Well, this morning when I was defrosting my car the temp was 16 friggin degrees! I can't stand this! It's too cold! 

I apparently didn't follow proper defrosting protocol either because now I have a giant crack on my windshield that looks like a smiley face and it's spreading - 

Okay, just had to rant. I am going to go snuggle on the couch with the dogs now!


----------



## meganc66 (Mar 6, 2009)

i also hate the cold.
YUCK.

im sorry bout your car!!!! that really sucks!


----------



## pitbulljojo (Apr 2, 2009)

Come to Chitown - 2 degrees with a 20 BELOW wind chill !!!!! It is brutal. The worst part is walking the dogs and they get ice balls between their toes . Have to get mushers grease.


----------



## Notnice (Oct 20, 2009)

come to fl its 85. 
and down her if ur windsheild cracks ur insurance should take care of it with no cost to u


----------



## dixieland (Aug 14, 2009)

I know,i hate the cold!Winter is the season I dislike the most.I grew up and lived in Orlando,Fl up until 5 years ago,and I'm still not used to the cold yet.

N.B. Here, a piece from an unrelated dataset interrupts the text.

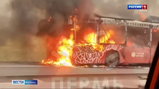 Крупный пожар сегодня утром произошел на Южном обходе Перми. Прямо во время движения вспыхнул и загорелся автобус. Он следовал по маршруту номер 106...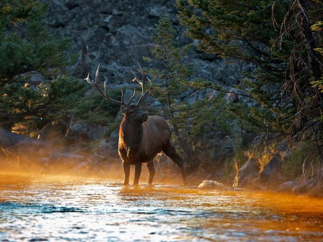 Wallpaper The elk in the river autumn

Is there anyway to say that while you were driving a pebble or rock came up and hit your windshield and cracked it so your insurance company will pay for it?


----------



## Carriana (May 13, 2008)

I am not worried about getting the windshield replaced, that will happen eventually. I was just complaining, hehe. 

I love winter for the holidays but not for the cold. And for cryin out loud, if it's going to be this cold could it at least snow?!?!


----------



## SnoopsMomma (Nov 5, 2009)

I live in cali now, but am from washington I remember cold winters there. my mom was just telling me she hit 7 degrees and lives in graham. Cali is even gettin cold the other morning it was 19 here. We dont get that cold. Brrrrrrrrrrrr and I agree if it has to be this cold it should friggin snow.


----------



## MY MIKADO (Apr 7, 2006)

Thats the roblem it can not snow when it gets too cold. It is really cold here too. I don't know what is wrong this year but my house is cold too...grrrrrrr. I plan to do more winterizing today. 

Just heard the weather we are at -9 with -30 with the wind chill. BRRRRRRRR


----------



## bluefamily (Aug 8, 2007)

I hate the cold too. It gets cold here (to me) 40 degrees but still, I like 80+ 100+. One of the reasons I enjoyed so much living in the Sahara was the heat....ok not so much at 140 hot but you get the point!


----------



## Carriana (May 13, 2008)

I heard it snowed in Sacramento! What the heck is up with that?!?!


----------



## Venom (Oct 5, 2009)

I like cold.
I hate heat.


----------